Does the human placenta have a microbiome?

A few years ago, the medical community was in a bit of a tizzy over a scientific report that the human placenta has its own microbiome–a complex mixture of bacteria that maybe, just maybe, affected the health of newborn babies.

According to the New York Times' rather breathless reporting at the time
"the placenta ... harbors a world of bacteria that may influence the course of pregnancy and help shape an infant’s health and the bacterial makeup of its gut."
This news was very surprising to many scientists, who had long assumed that the placenta was sterile. The 2014 study, titled "The placenta harbors a unique microbiome," found hundreds of bacterial species in the placentas of 320 women. The Times report suggested that the "wrong mix" of bacteria might cause premature births, and it further suggested that the placental microbiome might seed the intestinal microbiome that babies develop later.

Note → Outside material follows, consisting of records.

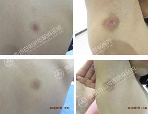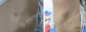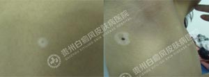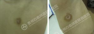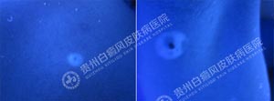 Wood灯:后背、腋下痣呈向心型白色斑片,显示亮蓝白色斑片,边界不清晰,色素脱失程度为80% 。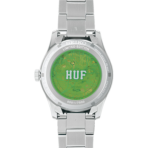 シースルーバック仕様の裏ぶたは、ダイヤルと同じく「HUFグリーン」を採用し、サンフランシスコのシティパターンの線画を入れました。数量限定モデルの証として「LIMITED EDITION」とシリアルナンバーが記されています。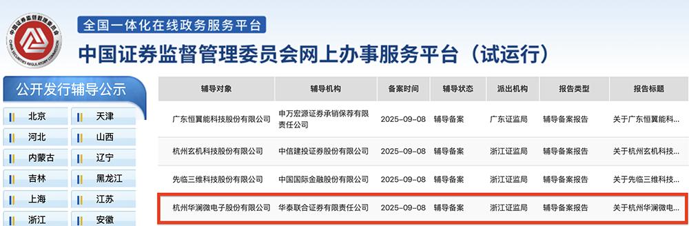 芯东西9月9日报道,9月8日,浙江杭州存储控制器芯片企业华澜微在浙江证监局办理辅导备案登记,正式启动A股上市进程,辅导机构为华泰联合证券。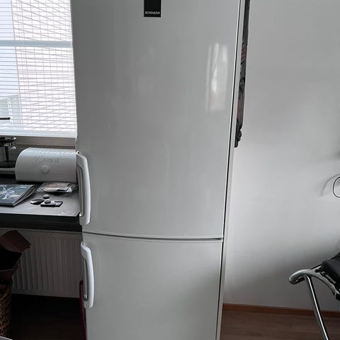 UPO Jääkaappipakastin punainen väri. Sisältää jääkaappi- ja pakastinosat, useita hyllyjä ja ovitaskuja säilytystarpeisiin.

Turns out it was all wrong.

Many scientists were skeptical at the time. Those of us working in the microbiome field know that bacterial contamination is everywhere, and it's all too easy to "discover" microbes that came from other sources besides the tissue you thought you were studying. My colleague Jonathan Eisen (at UC Davis) called the 2014 paper and the accompanying discussion "serious overselling of the microbiome."

One good thing about science is that it corrects itself, although sometimes it takes a while. In this case, it took about 5 years. Two studies, both published in mid-2019, looked at hundreds more samples, and carefully screened out contaminants, and found: nothing.

In the first of the newer studies, a group of scientists led by Marcus de Goffau and Gordon Smith at the Sanger Institute in the UK looked at placentas from over 500 newborns. The looked very hard for any evidence of bacteria, but–unlike the scientists in the 2014 study–they took a much more rigorous view of contamination. Like the first study, they found hundreds of species of bacteria, but unlike the first study, the recognized that all of them (with one interesting exception, likely an infection) were contamination. As they explained: 
"samples of placental tissue become contaminated during labor and delivery, even when they were dissected from within the placenta."
In the second study, published just a few weeks after the UK study, a group at Bar Ilan University in Israel looked at 28 human placentas using 5 different techniques, including the techniques from the 2014 study. They found no evidence for bacteria in any of the placentas. Their conclusion was simple and stark: 
"the fetal environment in the womb is sterile."
Unfortunately, the leader of the original study, Kjersti Aagard from Baylor College of Medicine, refuses to admit that her original results were wrong. She claimed, in an interview with The Atlantic's Ed Yong last year, that the UK group were "too strict" about removing bacteria as contaminants, and that they "are not recognizing, or are naive to, other evidence for colonization" by bacteria.

To someone who works in the field, this kind of denial is all too familiar. Microbes are invisible, which means we never actually see the contamination happening–but it does happen, all the time, and many scientific results have evaporated upon closer scrutiny. Even the most careful processing of samples cannot get rid of all the bacterial DNA, because the laboratory kits that we use for sequencing themselves have bacterial DNA in them (as has been shown in several studies). 

So no, there's no placental microbiome, and that's likely a good thing.

One final note: in just the past two months, two major studies (here and here) have appeared that each claimed to find hundreds of bacterial species associated with many types of cancer. Sound familiar? Both studies tried hard to control for contamination, and both involved a massive amount of work. Despite their efforts to exclude contamination, though, I suspect we'll eventually find that these results, which are biologically quite implausible, will evaporate. It might just take a while.